====== SUPPLIED ENTRIES
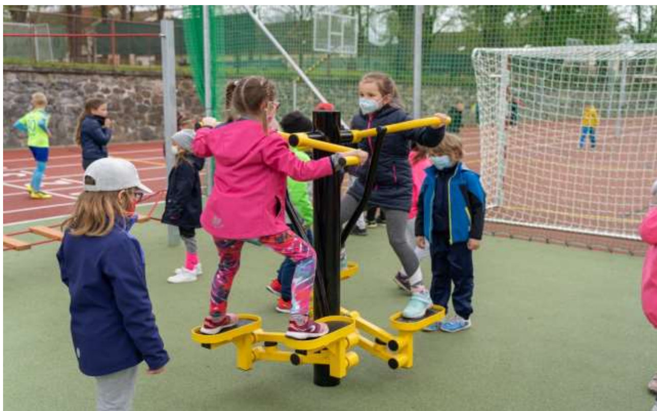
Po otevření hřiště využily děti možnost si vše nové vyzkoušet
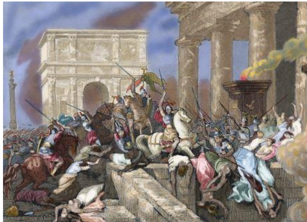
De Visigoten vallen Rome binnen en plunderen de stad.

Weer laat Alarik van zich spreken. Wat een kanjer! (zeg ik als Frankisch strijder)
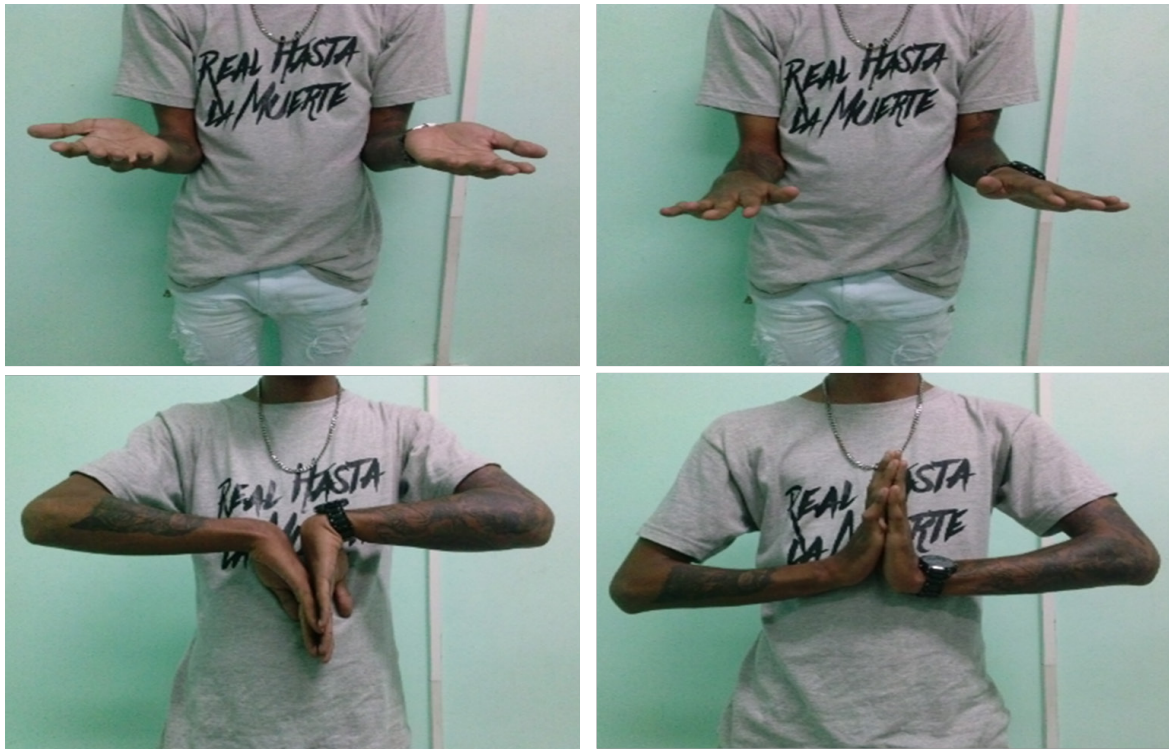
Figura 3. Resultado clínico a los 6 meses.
============
====== SUPPLIED ENTRIES
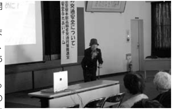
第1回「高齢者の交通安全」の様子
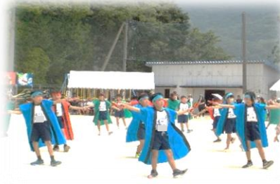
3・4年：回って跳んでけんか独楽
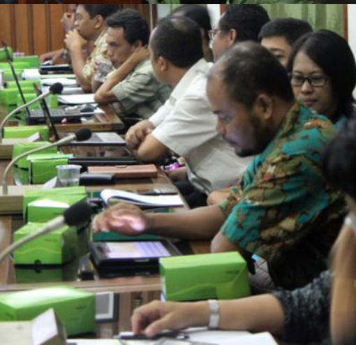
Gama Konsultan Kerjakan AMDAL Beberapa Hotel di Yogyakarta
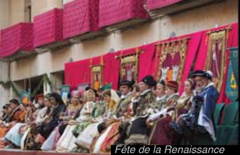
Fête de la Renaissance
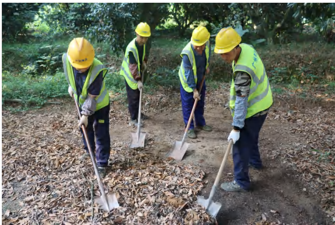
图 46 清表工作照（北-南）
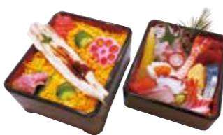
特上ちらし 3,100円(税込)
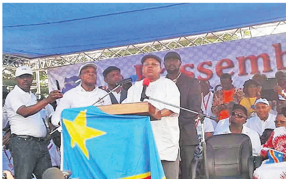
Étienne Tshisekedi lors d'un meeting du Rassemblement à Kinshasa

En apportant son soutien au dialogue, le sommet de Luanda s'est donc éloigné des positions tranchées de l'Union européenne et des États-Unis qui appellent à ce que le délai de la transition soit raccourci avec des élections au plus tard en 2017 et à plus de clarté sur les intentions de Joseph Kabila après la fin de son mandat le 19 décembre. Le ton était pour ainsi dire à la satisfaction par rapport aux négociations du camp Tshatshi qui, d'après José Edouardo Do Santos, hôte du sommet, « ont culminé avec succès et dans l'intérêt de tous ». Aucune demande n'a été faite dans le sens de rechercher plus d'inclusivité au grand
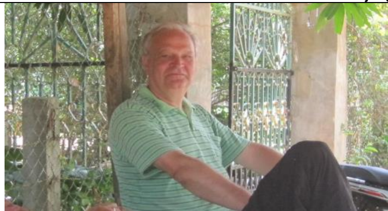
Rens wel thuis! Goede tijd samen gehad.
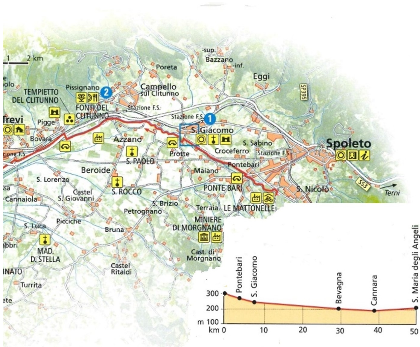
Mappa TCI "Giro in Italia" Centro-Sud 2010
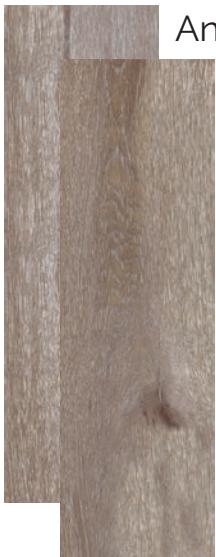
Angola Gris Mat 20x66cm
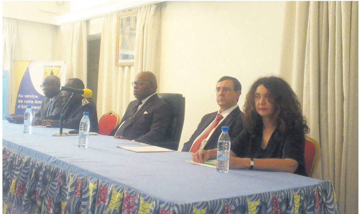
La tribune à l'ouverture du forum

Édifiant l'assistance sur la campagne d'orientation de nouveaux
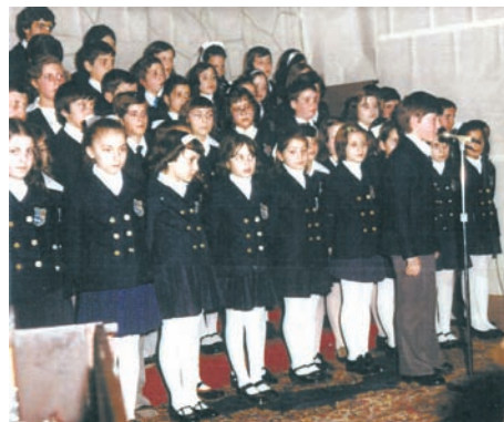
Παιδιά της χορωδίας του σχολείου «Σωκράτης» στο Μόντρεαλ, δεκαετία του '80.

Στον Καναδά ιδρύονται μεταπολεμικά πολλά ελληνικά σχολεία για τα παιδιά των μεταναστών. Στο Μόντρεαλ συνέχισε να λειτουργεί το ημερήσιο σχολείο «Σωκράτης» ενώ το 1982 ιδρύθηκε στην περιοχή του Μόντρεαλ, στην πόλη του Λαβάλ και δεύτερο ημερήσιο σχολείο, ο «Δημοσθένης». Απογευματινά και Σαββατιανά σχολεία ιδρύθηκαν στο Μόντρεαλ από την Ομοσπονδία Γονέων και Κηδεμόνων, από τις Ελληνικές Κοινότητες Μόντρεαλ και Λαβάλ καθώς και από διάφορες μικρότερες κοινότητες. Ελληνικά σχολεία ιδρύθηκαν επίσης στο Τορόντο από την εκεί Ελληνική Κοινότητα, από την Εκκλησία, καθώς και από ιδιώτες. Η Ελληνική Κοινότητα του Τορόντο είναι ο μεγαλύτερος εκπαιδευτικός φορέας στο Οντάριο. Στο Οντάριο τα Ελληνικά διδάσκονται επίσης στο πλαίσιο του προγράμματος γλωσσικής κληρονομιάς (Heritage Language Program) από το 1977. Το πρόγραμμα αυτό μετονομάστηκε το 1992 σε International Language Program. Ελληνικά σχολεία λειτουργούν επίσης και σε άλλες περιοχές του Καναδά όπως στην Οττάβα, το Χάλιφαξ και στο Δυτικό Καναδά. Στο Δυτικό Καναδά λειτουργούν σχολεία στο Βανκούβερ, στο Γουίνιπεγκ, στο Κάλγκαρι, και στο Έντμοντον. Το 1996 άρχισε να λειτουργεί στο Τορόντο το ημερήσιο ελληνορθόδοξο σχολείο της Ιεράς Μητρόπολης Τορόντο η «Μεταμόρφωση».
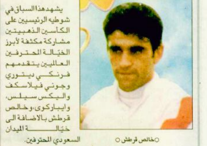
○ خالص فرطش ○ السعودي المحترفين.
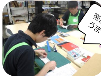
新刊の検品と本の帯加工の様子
============
→ ASSIGNMENT
I would like the exact lines from the data above, starting with the one that holds "特上ちらし 3,100円(税込)" and going on through the one that holds "Étienne Tshisekedi lors", without the pictures.

→ TASK OUTPUT
特上ちらし 3,100円(税込)
Étienne Tshisekedi lors d'un meeting du Rassemblement à Kinshasa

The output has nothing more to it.